A Farmer Weighs Two Calves After They Are Born. One Calf Weighs 38 7/10 Kilograms. Another Calf Weighs 37 1/10 Kilog Rams. How Much More Does The First Calf
The first calf weighs 38 7/10 kilograms.
The second calf weighs 37 1/10 kilograms.
To find out how much more the first calf weighs, we need to subtract the weight of the second calf from the weight of the first calf.
Calculating 38 7/10 - 37 1/10, we get 1 6/10.
So, the first calf weighs 1 6/10 kilograms more than the second calf.
4/7+1/8
To add 4/7 and 1/8, we need to find a common denominator.
The common denominator is 56 since it is divisible by both 7 and 8.
Now, we can rewrite the fractions with the common denominator:
4/7 = (4 * 8)/(7 * 8) = 32/56
1/8 = (1 * 7)/(8 * 7) = 7/56
Now that the fractions have the same denominator, we can add them:
32/56 + 7/56 = (32 + 7)/56 = 39/56
Therefore, 4/7 + 1/8 equals 39/56.
2/3-1/4
To subtract 1/4 from 2/3, we need to find a common denominator.
The common denominator is 12 since it is divisible by both 3 and 4.
Now, we can rewrite the fractions with the common denominator:
2/3 = (2 * 4)/(3 * 4) = 8/12
1/4 = (1 * 3)/(4 * 3) = 3/12
Now that the fractions have the same denominator, we can subtract them:
8/12 - 3/12 = (8 - 3)/12 = 5/12
Therefore, 2/3 - 1/4 equals 5/12.
A Scientist Measured The Lengths Of Catfish In A Lake. Below Are The Lengths Of 11 Catfish In Inches. 6, 8, 10, 11, 12, 15, 17, 18, 19, 20, 22 Which Box Plot Represents The Data?

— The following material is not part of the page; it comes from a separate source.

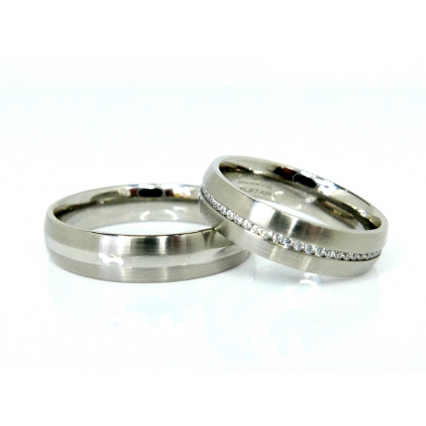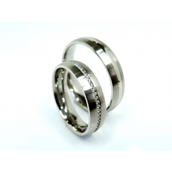 Snubní prstemy vyrobené z chirurgické oceli zdobené matováním a zirkony

Based on the given lengths of catfish in inches:
6, 8, 10, 11, 12, 15, 17, 18, 19, 20, 22
The box plot that represents this data should have the following characteristics:
- The minimum value (smallest length) should be 6.
- The maximum value (largest length) should be 22.

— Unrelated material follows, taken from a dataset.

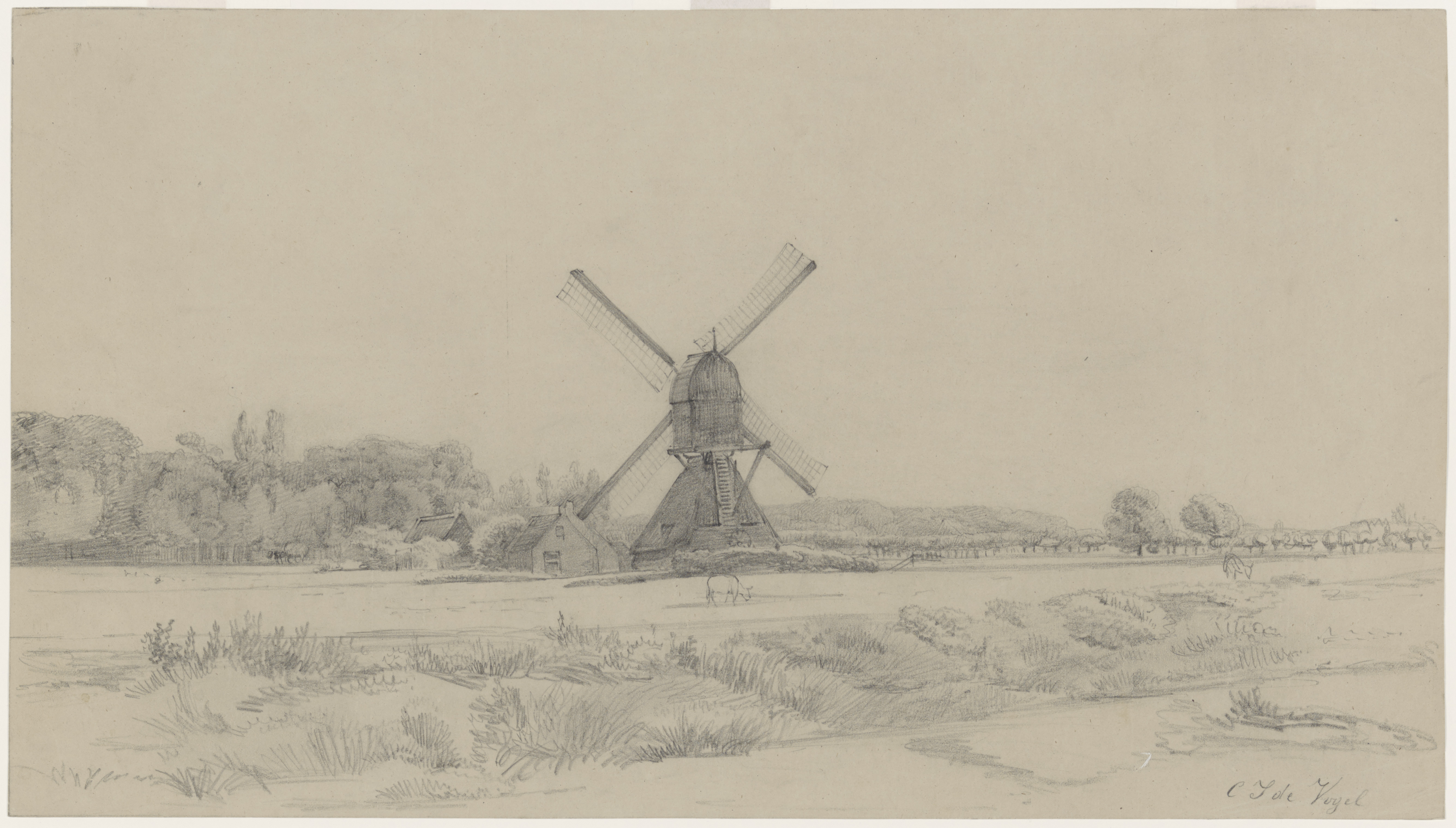 - Tekening door C.J. de Vogel van de Watermolenweide.

- The median (middle value) should be close to 15, as it is the average of 12 and 17.
- The lower quartile should be close to 10, as it is the average of 8 and 11.
- The upper quartile should be close to 19, as it is the average of 18 and 20.
- There should be no outliers indicated by any individual points outside of the whiskers (lines connecting the box to the minimum and maximum values).
Based on these characteristics, the correct box plot should have a box stretching from approximately 10 to 19, with a median line close to 15, and whiskers connecting to minimum and maximum values of approximately 6 and 22, respectively.
Quadrilateral ABCD Is A Kite With An Area Of 14cm2 . The Length Of Overline ED Is 5 Cm. What Is The Length Of Overline BE ? A 7 Cm B 2 Cm C 4 Cm D 3 Cm
In a kite, the diagonals are perpendicular and bisect each other.
Let's denote the length of overline BE as "x".
Since overline ED is a diagonal of the kite and it bisects overline BC, we can divide the area of the kite by 2 to find the area of triangle EBC.
Area of triangle EBC = (1/2) * base * height
14 cm² = (1/2) * x * 5 cm
Simplifying the equation:
14 cm² = (5/2) * x cm
28 cm² = 5x cm
28/5 cm = x cm
Therefore, the length of overline BE is approximately 5.6 cm.
None of the given answer choices match this calculation.
To find out how much more the first calf weighs compared to the second calf, we need to subtract the weight of the second calf from the weight of the first calf.
The weight of the first calf is 38 7/10 kilograms, and the weight of the second calf is 37 1/10 kilograms.
To subtract these two weights, we can convert the mixed fractions to improper fractions and then subtract:
Weight of first calf: 38 7/10 kilograms = (38 * 10 + 7) / 10 = 387 / 10
Weight of second calf: 37 1/10 kilograms = (37 * 10 + 1) / 10 = 371 / 10
Now we can subtract the weight of the second calf from the weight of the first calf:
Weight of the first calf - Weight of the second calf = (387 / 10) - (371 / 10)
To subtract fractions, we need a common denominator, which in this case is 10:
Weight of the first calf - Weight of the second calf = (387 - 371) / 10 = 16 / 10
Simplifying the fraction, we get:
16 / 10 = 8 / 5
Therefore, the first calf weighs 8/5 kilograms more than the second calf.